Pois bem, verificou-se em 2019 a alteração, via Medida Provisória, da Consolidação das Leis do Trabalho (MP 873/2019, MP 881/2019 – Liberdade Econômica e MP 905/2019), do Código Civil(MP 881/2019 – Liberdade Econômica), além da extinção do Seguro Obrigatório de Danos Pessoais causados por veículos automotores de via terrestre – DPVAT(MP 904/2019), diploma com eficácia suspensa por decisão do Supremo Tribunal Federal.

Merecem destaque as sucessivas alterações da Consolidação das Leis do Trabalho, na esteira da reforma trabalhista implementada pelo governo Michel Temer (Lei 13.467/2017), mormente o amplo regramento do Contrato de Trabalho Verde e Amarelo(MP 905/2019). São reconhecidas as altas taxas de desemprego entre os jovens, bem superiores à média nacional, no entanto, a MP isenta os empregadores das contribuições destinadas ao Sistema “S” e dispara o gatilho de um possível sucateamento deste e, consequentemente, da educação profissionalizante no país[11].

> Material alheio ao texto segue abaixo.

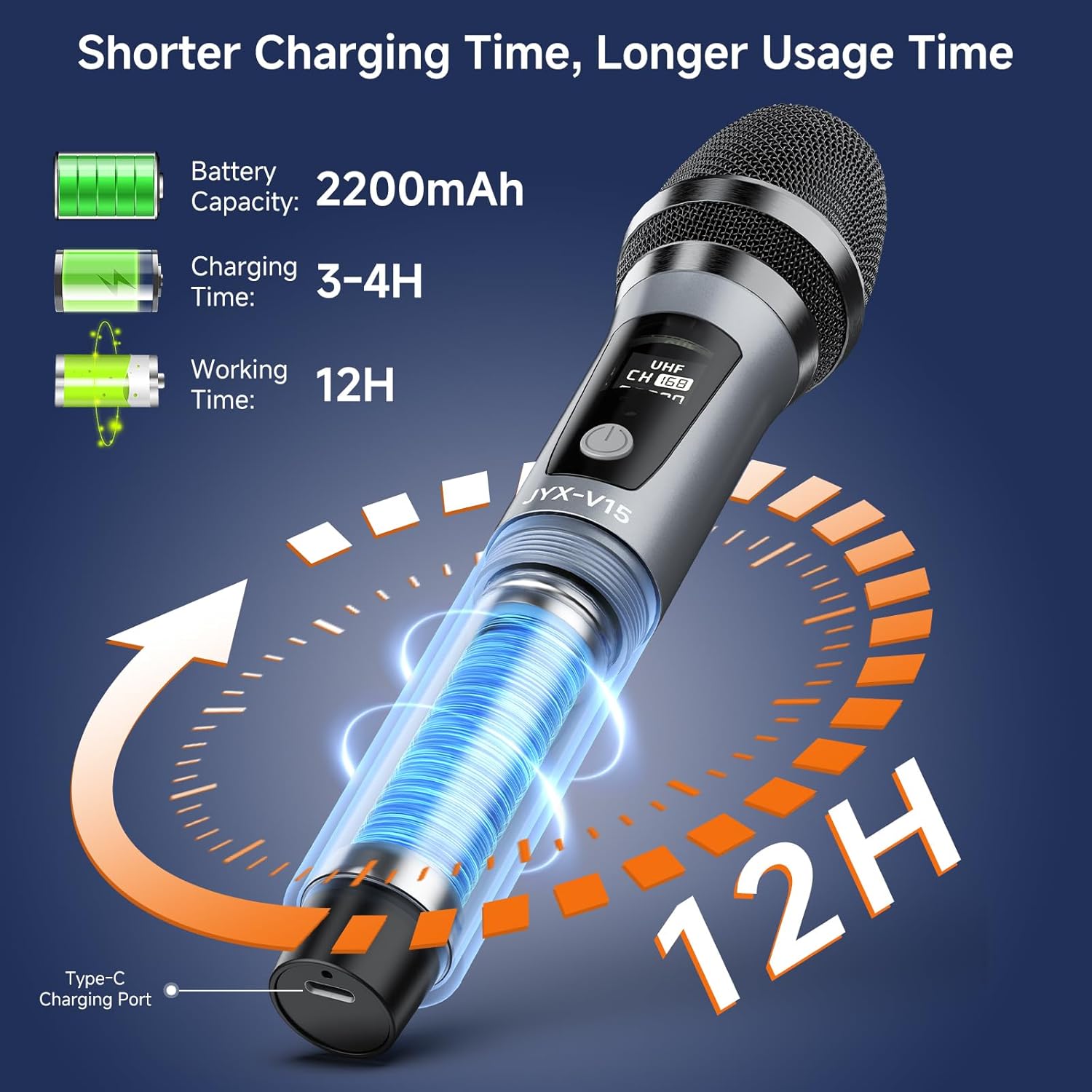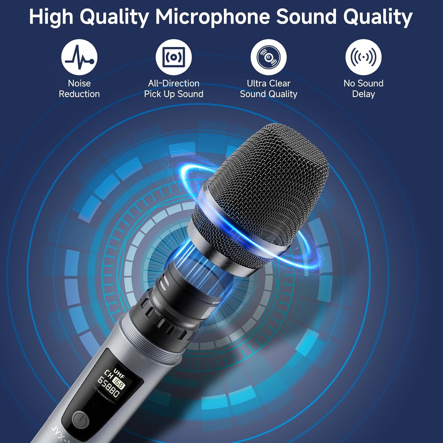 Equipped with professional chipset, this dynamic wireless microphone can reproduce clear sound without distortion.

A grita em razão da baixa produtividade da mão-de-obra nacional cede lugar, portanto, a uma possível medida de ajuste fiscal, quiçá em reconhecimento de insuficiência da reforma da previdência nesse campo. Sob a égide do Estado Democrático de Direito seria preferível que a sociedade debatesse amplamente os destinos do Sistema “S”, claramente afetados pela MP.

O mesmo se pode dizer em relação à extinção do DPVAT (MP 904), cuja Exposição de Motivos[12] do Ministro Paulo Guedes salienta a existência de atendimento universal e gratuito pelo sistema único de saúde, inexistente quando da criação do DPVAT em 1974, mas da forma como foi veiculada, impede o debate e a contraposição de outros argumentos, como o aumento populacional brasileiro – quase triplicado – ou desde — e o surgimento de enfermidades não existentes naquele ano, como a AIDS, gripes de diversos tipos, chicungunha, zika, e inúmeras outras moléstias.

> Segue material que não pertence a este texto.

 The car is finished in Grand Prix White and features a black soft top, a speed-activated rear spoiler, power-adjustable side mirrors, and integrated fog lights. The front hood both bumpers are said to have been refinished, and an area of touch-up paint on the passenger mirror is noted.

O deficit democrático das medidas assustam tanto quanto as declarações dos membros do governo. A sociedade brasileira firmou um pacto em 1988, de natureza social ou social-democrata, e e sua redução extrema ou substituição por outro modelo deveria passar pelo crivo da população na outra seara de representação política, o Parlamento. A eleição do governo por cerca de um quarto da população — mesmo com o discurso de enterrar o modelo econômico social-democrata[13] — não o exime de jogar segundo as regras democráticas, submetendo suas intenções ao crivo das decisões políticas dos representantes do povo!

Em conclusão parcial, pode-se afirmar que o governo Jair Bolsonaro oscila entre a democracia plebiscitária, cujos riscos já foram antecipados por Max Weber[14] há mais de um século, como no caso do apelo às promessas eleitorais feitas em 2018 relativas ao Estatuto do Desarmamento, como se a cada mandato presidencial o pacto constitucional pudesse ser substituído pelo programa de campanha do candidato vencedor, e o governar solipsista por meio de Decretos Presidenciais e Medidas Provisórias.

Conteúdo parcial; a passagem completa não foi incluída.